The result here is that the server immediately learns which vouchers correspond to matching images and which do not, but learns nothing additional about non-matching images (objective #1). Moreover, it learns the "associated data" for those images. This would allow the server to immediately determine how many matching images the device has. In order to prevent this, the device also sends some "synthetic match vouchers" which always decrypt. I'll describe this feature below.

Threshold Decryption #

One of the design goals of the system is that the server not learn the details of single image matches (objective #2). Instead, the server only gets to learn which images matched once it has seen a certain number of matches. This is known as a threshold system.

In order to this, Apple makes use of a technique called Shamir secret sharing. Briefly, a secret sharing scheme is a system in which you take some secret S and break it up into a bunch of shared etc. in such a way that you need a minimum number of shares (the threshold, t) in order to reconstruct S. You can have an unlimited number of shares but any subset of size t will let you reconstruct the secret (this is called M out of N sharing.)

The associated data consists of two values:

  • An encrypted value that contains information about the image: the hash and a "visual derivative" (more on this later). This value is encrypted with device-specific key that is used for each encrypted value.

  • A single share for that device-specific key.

The net result is that the server collects all the vouchers and discards all the undecryptable ones. It waits until it has enough shares for a given device, then reconstructs the device-specific key. It can then decrypt the encrypted values for every matching voucher it has received, as well as for any voucher it receives in the future. However, until it has received t shares, it is not able to decrypt any of these encrypted values.

Synthetic Match Vouchers #

Even with threshold decryption, the server still learns the total number of single image matches. In order to prevent this, each client replaces some of its vouchers with "synthetic match vouchers. These vouchers are designed to decrypt properly but contain an invalid secret share value. Due to some crypto magic I won't get into, it is not possible for the server to distinguish synthetic match vouchers from real vouchers until it already has a threshold number of real vouchers. The result is that the server cannot precisely determine the number of actual matches before the threshold is reached.[5]

This is not the same as the server having no information about the number of matches.

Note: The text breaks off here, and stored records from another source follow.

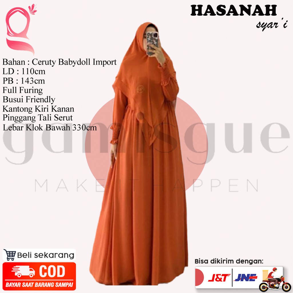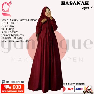 Jual Hasanah Merah Bata Dress Muslim Wanita Gamis Polos Ceruty Premium Syari Set Hijab Murah Terbaru Shopee Indonesia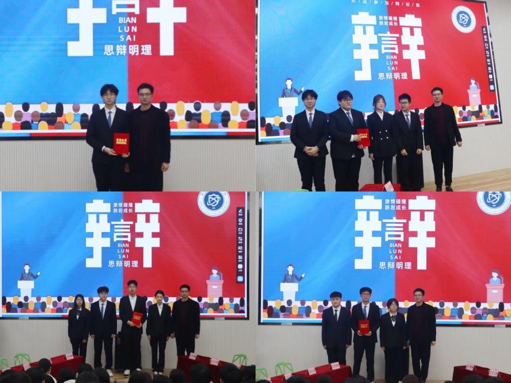 为了提升赛事的趣味性,主办方特意设计了多个娱乐环节。在“现场互动”环节,随机抽取观众进行即兴发言,让观众亲身体验辩论的魅力。而表演赛环节,辩手们凭借出色的辩论技巧与默契配合,为观众带来了一场视听盛宴。此外,赛事通过融入观众投票环节,增强了比赛的公正性,评分则综合考量辩手们在逻辑性、表达力和团队协作等方面的表现。经过激烈角逐,最终思辨新青年队凭借出色发挥斩获冠军,3+1队获得亚军,千辩万化队荣获季军,刘皓阳同学凭借在多场比赛中的精彩表现当选最佳辩手。最后,丁允念为获胜队伍颁奖。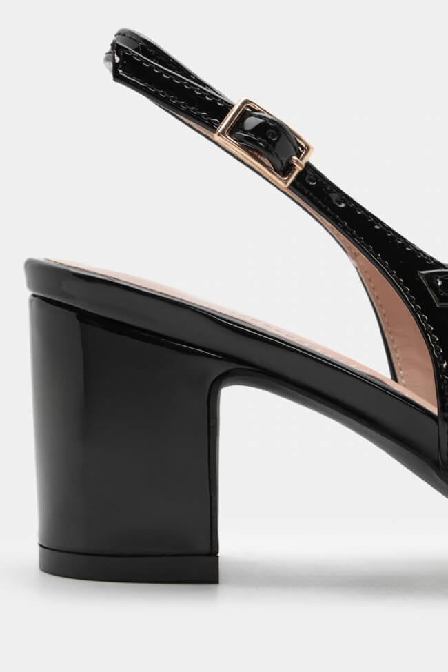 Dacă vrei să dai strălucire aparițiilor tale, aici e locul! Lacul strălucitor atrage privirile, în timp ce tocul gros oferă confort și stabilitate – cine a spus că glam-ul nu poate fi confortabil?

Specifically:

  • The server knows that there are no more matches than the total number of decryptable vouchers.

  • If the server knows the rate at which synthetic vouchers are introduced, it can estimate the total number of actual matches for a given user using Bayes's Theorem. This also allows the server to get a fairly precise estimate of the overall rate of CSAM (see: Randomized Response Technique) even for sub-threshold clients.[6]

Handling Matches #

Once Apple has collected enough vouchers to cross the threshold and decrypted the data, they get two pieces of information for each image:

  • The hash
  • A "visual derivative"

Apple is a bit unclear on what happens next. Here's what their white paper says:

The threshold is selected to provide an extremely low (1 in 1 trillion) probability of incorrectly flagging a given account. This is further mitigated by a manual review process wherein Apple reviews each report to confirm there is a match, disables the user’s account, and sends a report to NCMEC. If a user feels their account has been mistakenly flagged they can file an appeal to have their account reinstated.

We don't know what this manual review consists of, but there are a number of possibilities.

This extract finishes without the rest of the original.